EXERCISE BRIEF: Nothing but the lines from the one containing "按照工作分工,下沉社區(qū" through the end of the entries below should be set down, each exactly as written.
===== DATASET EXCERPTS
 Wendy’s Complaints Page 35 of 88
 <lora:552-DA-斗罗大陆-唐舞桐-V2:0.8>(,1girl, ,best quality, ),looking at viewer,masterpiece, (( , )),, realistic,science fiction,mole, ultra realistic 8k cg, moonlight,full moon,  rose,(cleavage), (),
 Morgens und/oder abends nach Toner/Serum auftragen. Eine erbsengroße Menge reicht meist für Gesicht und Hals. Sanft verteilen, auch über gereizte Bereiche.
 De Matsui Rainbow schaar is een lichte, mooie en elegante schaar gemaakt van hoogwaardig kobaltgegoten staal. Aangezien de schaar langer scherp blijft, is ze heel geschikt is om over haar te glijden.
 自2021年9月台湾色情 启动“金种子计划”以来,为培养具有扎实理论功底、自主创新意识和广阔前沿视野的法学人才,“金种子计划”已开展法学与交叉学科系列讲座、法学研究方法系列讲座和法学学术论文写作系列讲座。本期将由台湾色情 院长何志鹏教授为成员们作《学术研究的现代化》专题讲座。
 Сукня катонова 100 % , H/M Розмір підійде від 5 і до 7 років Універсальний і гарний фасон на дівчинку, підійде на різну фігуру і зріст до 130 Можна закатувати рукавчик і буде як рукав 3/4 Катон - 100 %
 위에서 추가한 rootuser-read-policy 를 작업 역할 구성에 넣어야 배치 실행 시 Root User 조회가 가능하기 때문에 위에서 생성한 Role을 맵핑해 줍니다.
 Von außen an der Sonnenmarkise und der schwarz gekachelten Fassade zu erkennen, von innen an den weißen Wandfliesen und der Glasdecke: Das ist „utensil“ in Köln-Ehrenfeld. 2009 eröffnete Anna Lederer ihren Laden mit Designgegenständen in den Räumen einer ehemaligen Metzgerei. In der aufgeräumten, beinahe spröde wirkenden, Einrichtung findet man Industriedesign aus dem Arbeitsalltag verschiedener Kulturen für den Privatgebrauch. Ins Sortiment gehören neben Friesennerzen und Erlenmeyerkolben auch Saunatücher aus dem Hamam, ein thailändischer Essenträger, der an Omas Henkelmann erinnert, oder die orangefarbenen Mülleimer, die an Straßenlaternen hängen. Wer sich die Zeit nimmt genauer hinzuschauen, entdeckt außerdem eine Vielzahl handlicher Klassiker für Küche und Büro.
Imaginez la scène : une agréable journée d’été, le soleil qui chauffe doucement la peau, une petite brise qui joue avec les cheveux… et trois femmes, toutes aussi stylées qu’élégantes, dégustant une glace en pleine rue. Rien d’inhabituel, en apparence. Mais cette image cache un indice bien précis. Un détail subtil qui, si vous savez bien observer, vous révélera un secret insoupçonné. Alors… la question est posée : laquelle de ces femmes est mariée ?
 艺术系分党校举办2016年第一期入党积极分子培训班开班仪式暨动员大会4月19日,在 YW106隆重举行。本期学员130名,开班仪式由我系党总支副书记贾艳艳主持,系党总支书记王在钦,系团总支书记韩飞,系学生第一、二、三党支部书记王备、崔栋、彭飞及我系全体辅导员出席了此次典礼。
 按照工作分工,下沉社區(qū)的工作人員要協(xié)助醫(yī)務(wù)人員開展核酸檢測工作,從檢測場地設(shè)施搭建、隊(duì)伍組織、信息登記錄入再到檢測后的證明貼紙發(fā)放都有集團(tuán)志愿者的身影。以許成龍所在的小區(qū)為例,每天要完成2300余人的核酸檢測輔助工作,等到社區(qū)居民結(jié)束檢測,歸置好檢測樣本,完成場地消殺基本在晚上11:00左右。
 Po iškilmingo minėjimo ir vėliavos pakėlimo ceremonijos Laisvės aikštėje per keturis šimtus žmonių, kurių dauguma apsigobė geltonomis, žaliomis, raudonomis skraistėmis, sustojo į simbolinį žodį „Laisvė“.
==========
OUTPUT:
 按照工作分工,下沉社區(qū)的工作人員要協(xié)助醫(yī)務(wù)人員開展核酸檢測工作,從檢測場地設(shè)施搭建、隊(duì)伍組織、信息登記錄入再到檢測后的證明貼紙發(fā)放都有集團(tuán)志愿者的身影。以許成龍所在的小區(qū)為例,每天要完成2300余人的核酸檢測輔助工作,等到社區(qū)居民結(jié)束檢測,歸置好檢測樣本,完成場地消殺基本在晚上11:00左右。
 Po iškilmingo minėjimo ir vėliavos pakėlimo ceremonijos Laisvės aikštėje per keturis šimtus žmonių, kurių dauguma apsigobė geltonomis, žaliomis, raudonomis skraistėmis, sustojo į simbolinį žodį „Laisvė“.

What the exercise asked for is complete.